[Given material Boundary: Start]

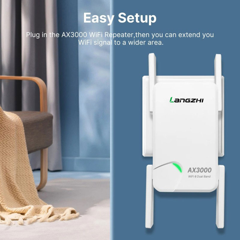 Wi-Fi 6 AX3000 Signal Extender, Dual-Band 5G & 2.4G Range Booster, Long-Distance Coverage, Eliminate Dead Zones, Ultra-Stable High-Speed Connection.
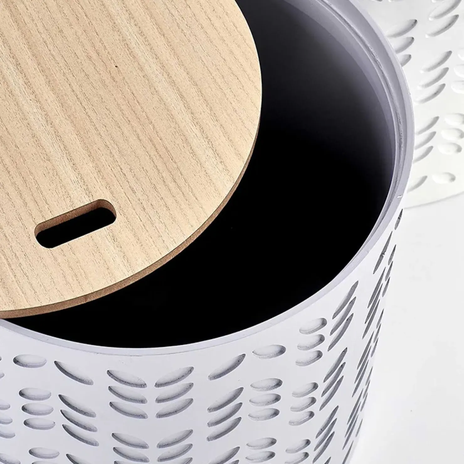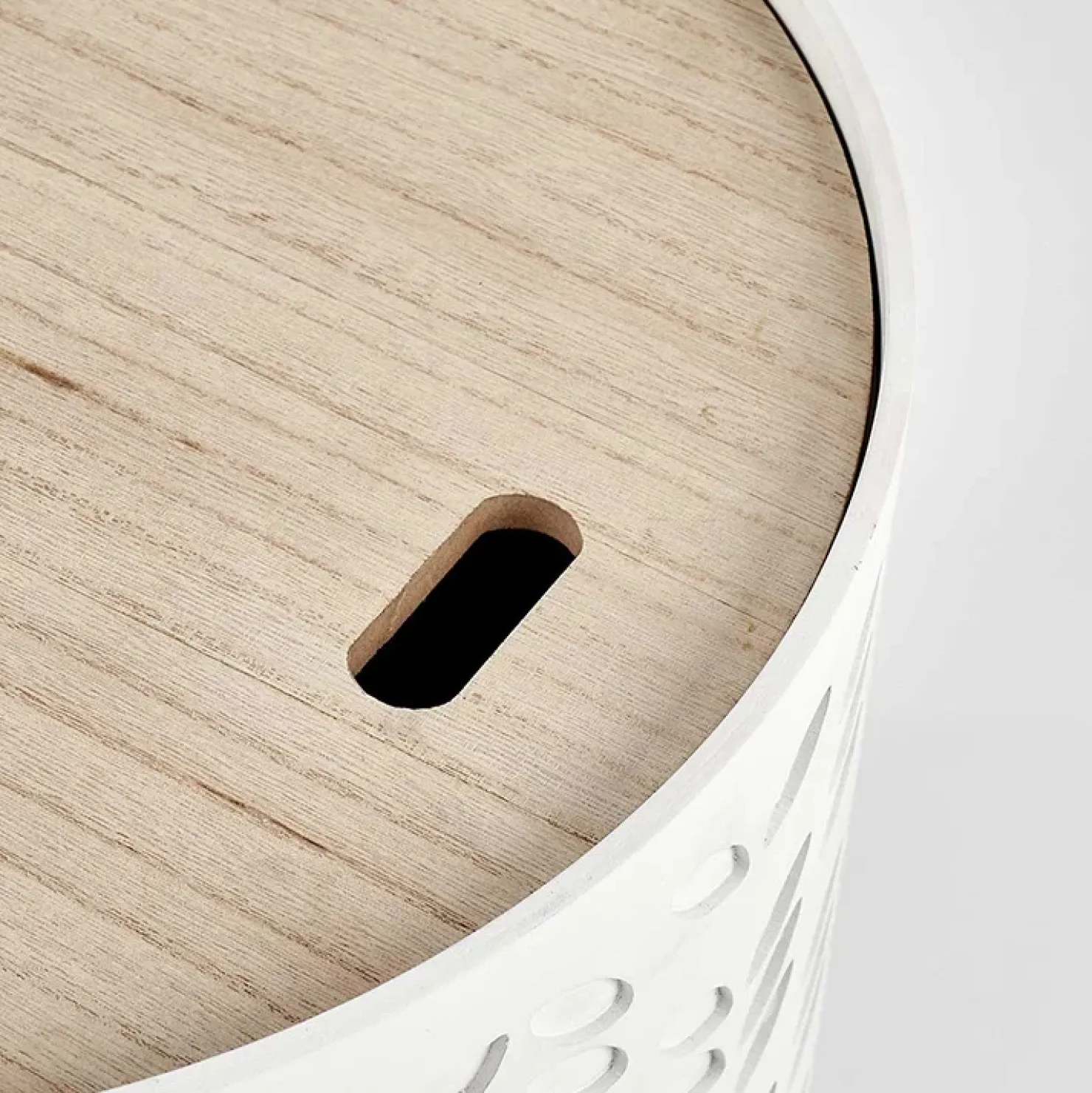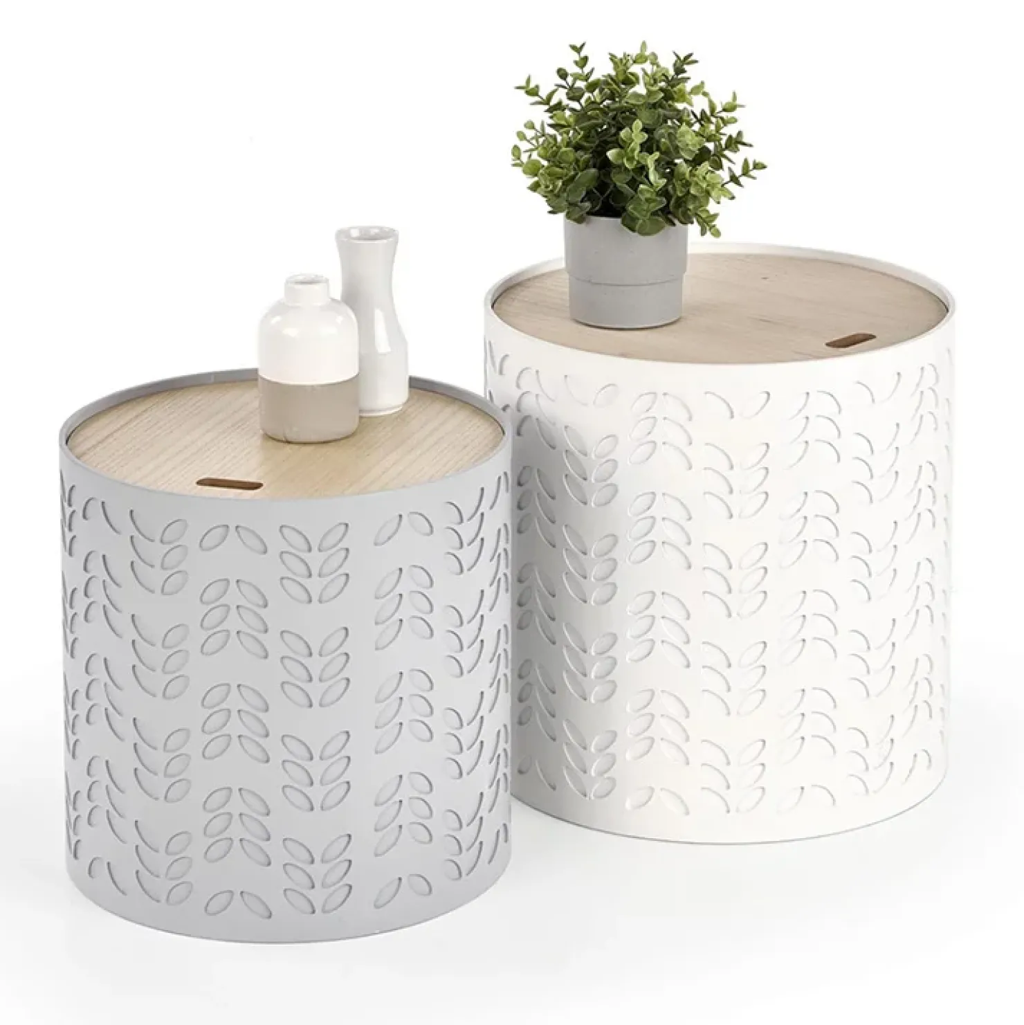Grazie ai piani circolari rimovibili in legno nella parte superiore, essi si trasformano in comodissimi cestini per contenere cuscini, riviste e telecomandi.
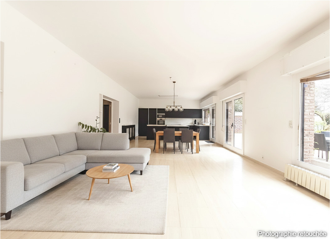 Le rez-de-chaussée propose de beaux volumes avec une grande pièce de vie regroupant salon et salle à manger. De larges baies vitrées donnent directement sur le jardin. Cuisine, arrière-cuisine, cellier, chaufferie et plusieurs pièces annexes complètent ce niveau.
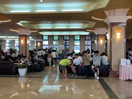 学年レクは8時40分開始予定ですが、雨が降ってきましたので30分遅らせて始める予定です。内容を減らして実施します。雨が止むまでの時間、ロビーで待機しています。

[Given material Boundary: End]

- Task statement
What you need to copy is the run of lines from the one holding "Grazie ai piani" through the end of the data, exactly and only, both ends included, pictures omitted.

- Exercise answer
Grazie ai piani circolari rimovibili in legno nella parte superiore, essi si trasformano in comodissimi cestini per contenere cuscini, riviste e telecomandi.
 Le rez-de-chaussée propose de beaux volumes avec une grande pièce de vie regroupant salon et salle à manger. De larges baies vitrées donnent directement sur le jardin. Cuisine, arrière-cuisine, cellier, chaufferie et plusieurs pièces annexes complètent ce niveau.
 学年レクは8時40分開始予定ですが、雨が降ってきましたので30分遅らせて始める予定です。内容を減らして実施します。雨が止むまでの時間、ロビーで待機しています。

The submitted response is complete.